¿Y tú, de dónde eres? Salou y el sentimiento de pertenencia de sus residentes.
El sentimiento de pertenencia no es un algoritmo, es una emoción que ni se compra ni se vende. Es algo que nace del corazón y se alimenta de lo cotidiano.
Hace unos días, el Ayuntamiento de Salou convocó unas jornadas de participación ciudadana bajo un título que, a mi juicio, denotaba una búsqueda casi desesperada: la del sentimiento de pertenencia. Mediante cuestionarios de participación on-line y ante una presencia vecinal no demasiado amplia, la institución intentaba descifrar qué nos hace sentirnos de aquí. Qué es lo que nos impulsa a querer volver a casa cuando viajamos.
El sentimiento de pertenencia no es un algoritmo, es una emoción que ni se compra ni se vende. Es algo que nace del corazón y se alimenta de lo cotidiano: de tu sofá, de tu rincón favorito en la cocina, del saludo con el vecino en el rellano o del calor humano de ese lugar donde desayunas cada mañana. Decidimos "pertenecer" a una calle o a un barrio porque nos sentimos a gusto en él. Es así de simple.
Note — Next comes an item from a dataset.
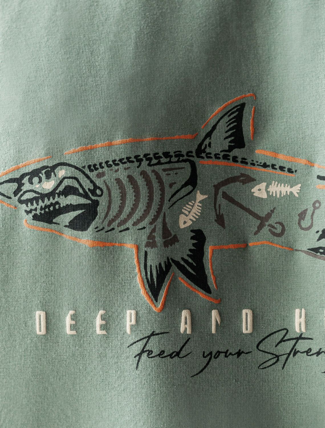 Перевод принта: deep and hungry, feed your strength - голодный обитатель глубин, укрепляй свою силу. Футболка выполнена из премиального хлопка с эластаном. Авторский принт нанесен фактурными красками с устойчивым покрытием. Изделие комфортно сидит по фигуре, не сковывая движений. За счет среднего объема, хорошо подойдет как первый слой под пиджак, кардиган или бомбер. На рукаве нашивка из эко-кожи с логотипом бренда.

Sin embargo, parece que nuestra administración local prefiere buscar respuestas fuera en vez de escuchar a sus conciudadanos durante todo el periodo de gestión y no a poco más de un año antes de las próximas elecciones municipales.
Se destinan partidas presupuestarias a agencias externas para que nos expliquen, casi de forma forzada, cómo debemos sentirnos los de adentro. Otro "pellizquito" al presupuesto municipal para decirnos lo que cualquier vecino y vecina ya sabe sin necesidad de consultorías, pero que por lo visto quén más lo tendría que saber no sabe.
- Según la RAE, pertenencia es el hecho o circunstancia de formar parte de un conjunto. Podemos entender por tanto que el sentido o sentimiento de pertenencia es la satisfacción de una persona al sentirse parte integrante de un grupo, una comunidad, una institución.
La fórmula de la pertenencia en pleno siglo XXI no es un misterio digno de un Premio Nobel. Se resume en pilares básicos que cualquier ciudadano firma debajo: calles limpias, aceras por las que caminar no suponga un riesgo físico, parques frondosos y cuidados, playas accesibles y una movilidad real que nos permita ir por ejemplo desde Emprius al Faro y desde Cap Salou al centro con un transporte público digno. Sentirse de un lugar es, sobre todo, sentirse respetado por los servicios públicos.
En un Salou donde convivimos más de cien nacionalidades, desde el este de Europa hasta el norte de África, de Hispanoamérica y de Asia, la integración no se logra desempolvando únicamente la historia del Rey Jaime I o buscando huesos romanos.
Conocer nuestra historia es fundamental, por supuesto, pero la identidad no se construye solo mirando al pasado mientras el presente está descuidado. La verdadera empatía y convivencia nacen de la seguridad, de la comodidad y de vivir en la ciudad que se nos vende en los catálogos, pero que a menudo no encontramos al salir de casa.
No tiene sentido volcar esfuerzos y recursos en zonas pensadas para quienes nos visitan tres días y jamás tendrán —ni se les espera— un sentimiento de pertenencia, mientras los que vivimos aquí todo el año nos sentimos, a veces, un poco huérfanos.
El sentido de pertenencia no se crea con eventos ni con marketing; está en manos del Ayuntamiento y se cultiva cada día en la calle. Para querer ser de Salou, primero hay que poder vivir bien en Salou. Yo soy de Salou, lo veo a diario, y no me hace falta una encuesta para saber qué falla.